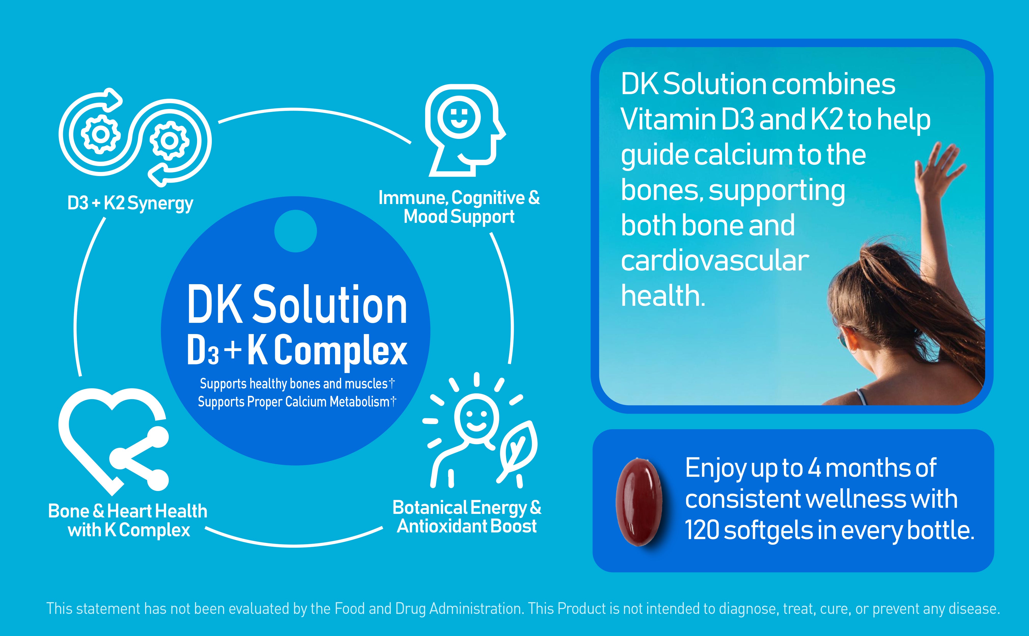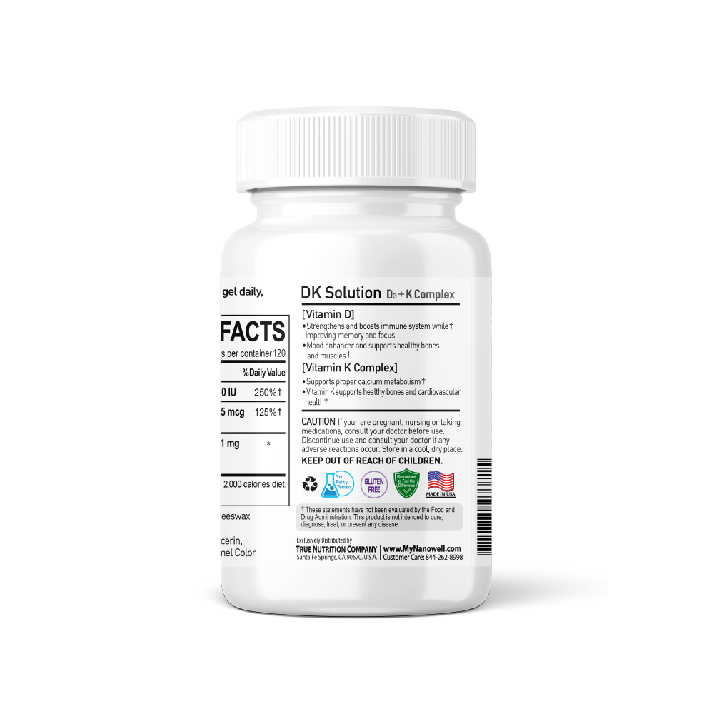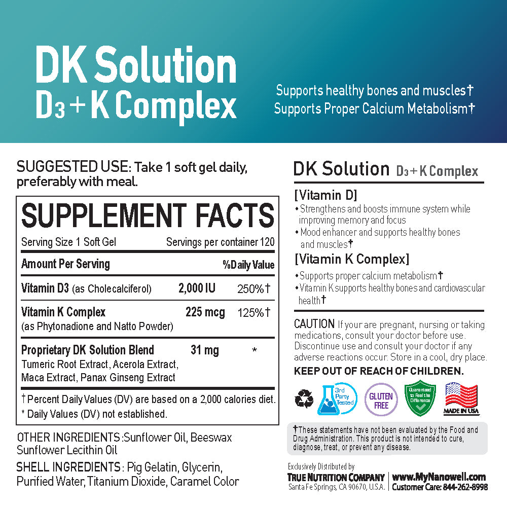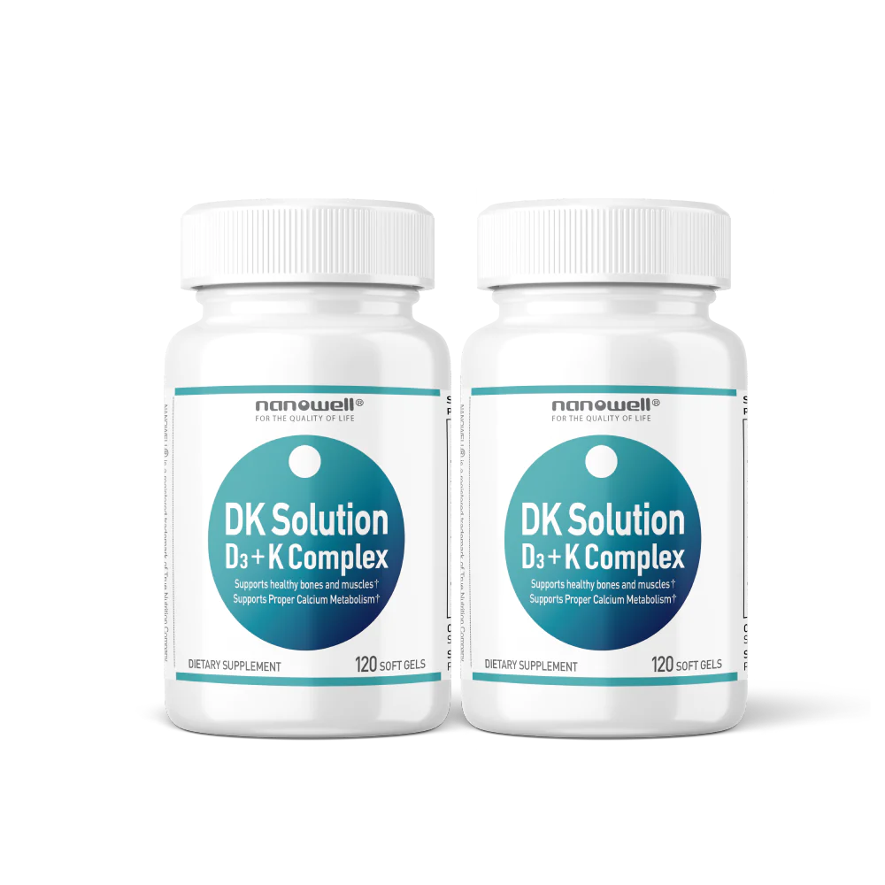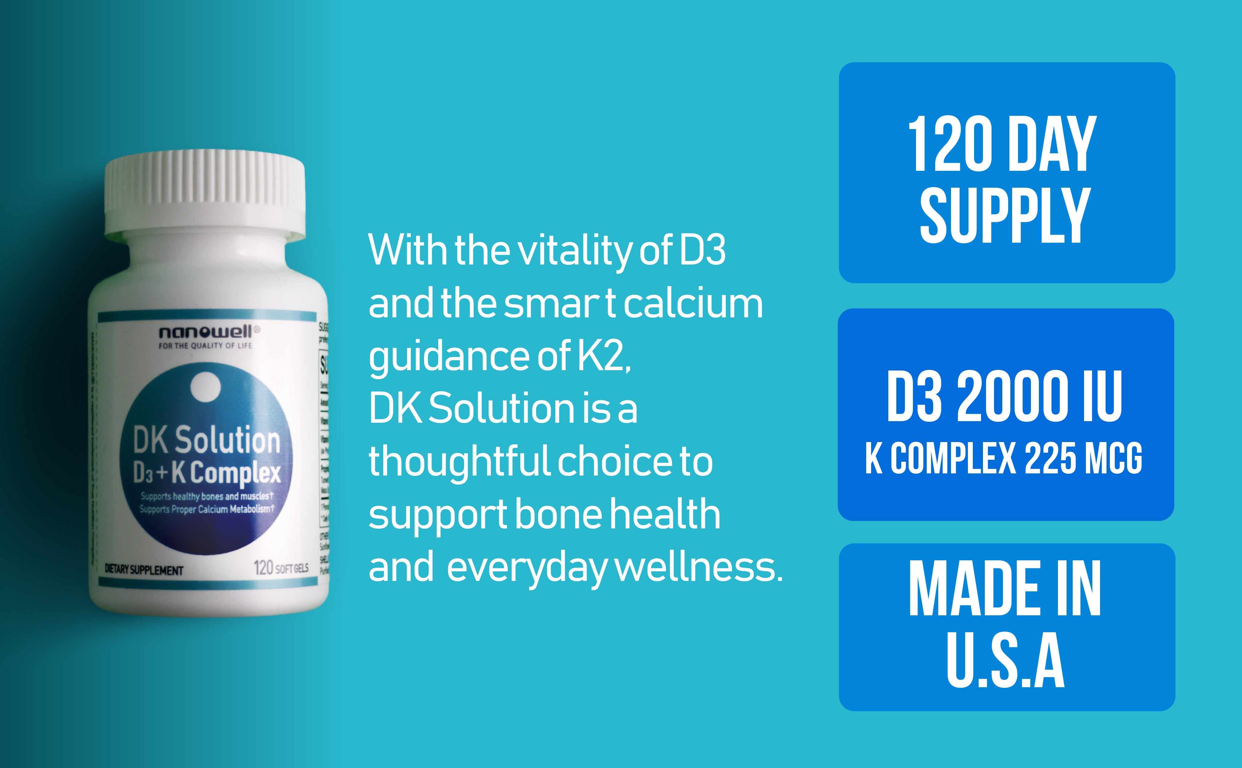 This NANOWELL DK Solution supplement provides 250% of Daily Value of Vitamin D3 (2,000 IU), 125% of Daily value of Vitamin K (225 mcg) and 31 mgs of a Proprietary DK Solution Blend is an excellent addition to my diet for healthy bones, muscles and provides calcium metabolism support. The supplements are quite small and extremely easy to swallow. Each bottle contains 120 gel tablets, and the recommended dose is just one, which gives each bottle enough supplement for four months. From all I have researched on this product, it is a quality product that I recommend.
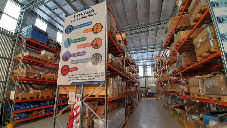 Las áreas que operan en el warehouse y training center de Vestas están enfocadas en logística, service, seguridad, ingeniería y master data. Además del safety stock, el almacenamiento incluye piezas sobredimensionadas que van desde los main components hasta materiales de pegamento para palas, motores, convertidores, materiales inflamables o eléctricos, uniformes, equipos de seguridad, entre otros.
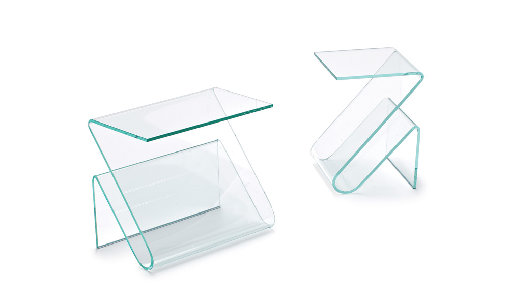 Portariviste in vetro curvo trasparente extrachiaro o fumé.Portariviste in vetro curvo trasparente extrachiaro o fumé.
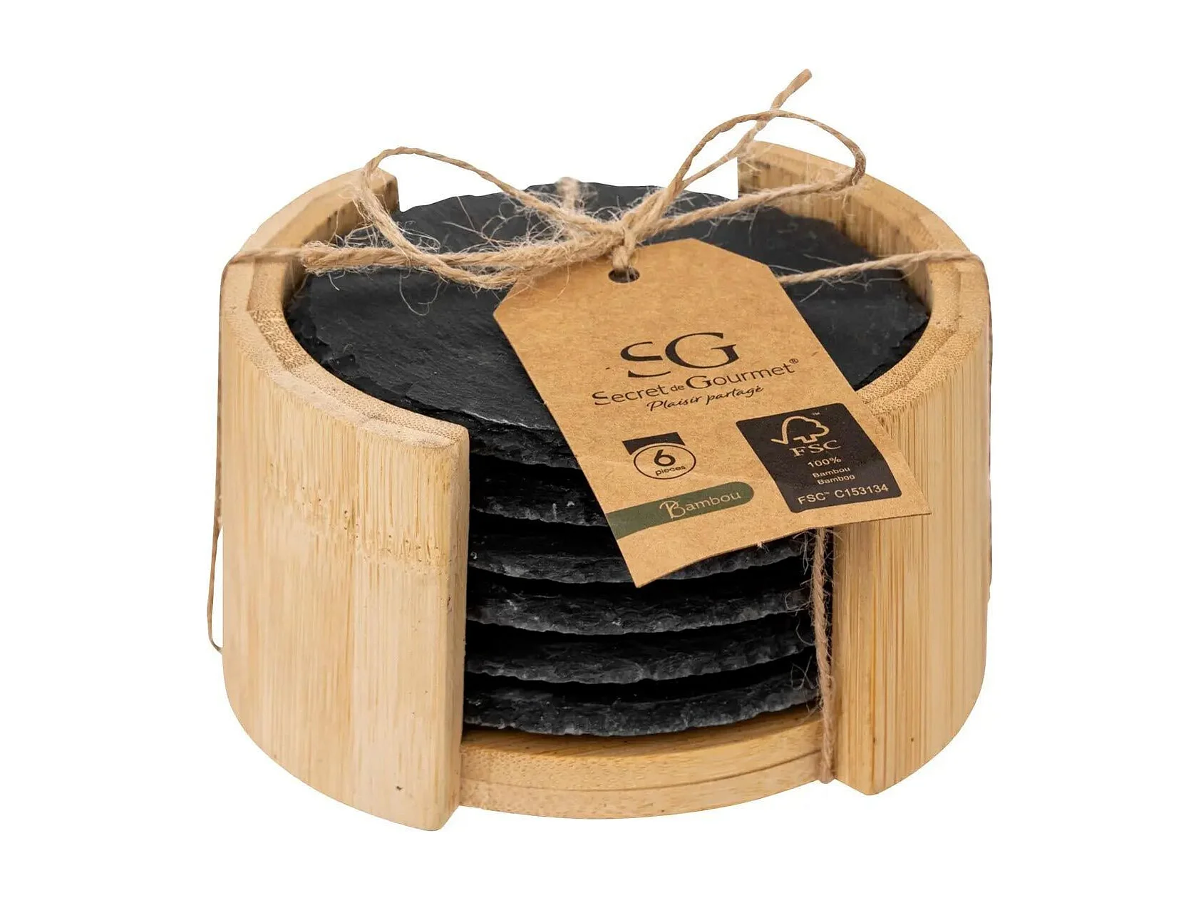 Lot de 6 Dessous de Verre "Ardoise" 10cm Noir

========

### Instructions to follow
Nothing but the text is wanted: repeat the data above exactly, without its images.

### Worked solution
 This NANOWELL DK Solution supplement provides 250% of Daily Value of Vitamin D3 (2,000 IU), 125% of Daily value of Vitamin K (225 mcg) and 31 mgs of a Proprietary DK Solution Blend is an excellent addition to my diet for healthy bones, muscles and provides calcium metabolism support. The supplements are quite small and extremely easy to swallow. Each bottle contains 120 gel tablets, and the recommended dose is just one, which gives each bottle enough supplement for four months. From all I have researched on this product, it is a quality product that I recommend.
 Las áreas que operan en el warehouse y training center de Vestas están enfocadas en logística, service, seguridad, ingeniería y master data. Además del safety stock, el almacenamiento incluye piezas sobredimensionadas que van desde los main components hasta materiales de pegamento para palas, motores, convertidores, materiales inflamables o eléctricos, uniformes, equipos de seguridad, entre otros.
 Portariviste in vetro curvo trasparente extrachiaro o fumé.Portariviste in vetro curvo trasparente extrachiaro o fumé.
 Lot de 6 Dessous de Verre "Ardoise" 10cm Noir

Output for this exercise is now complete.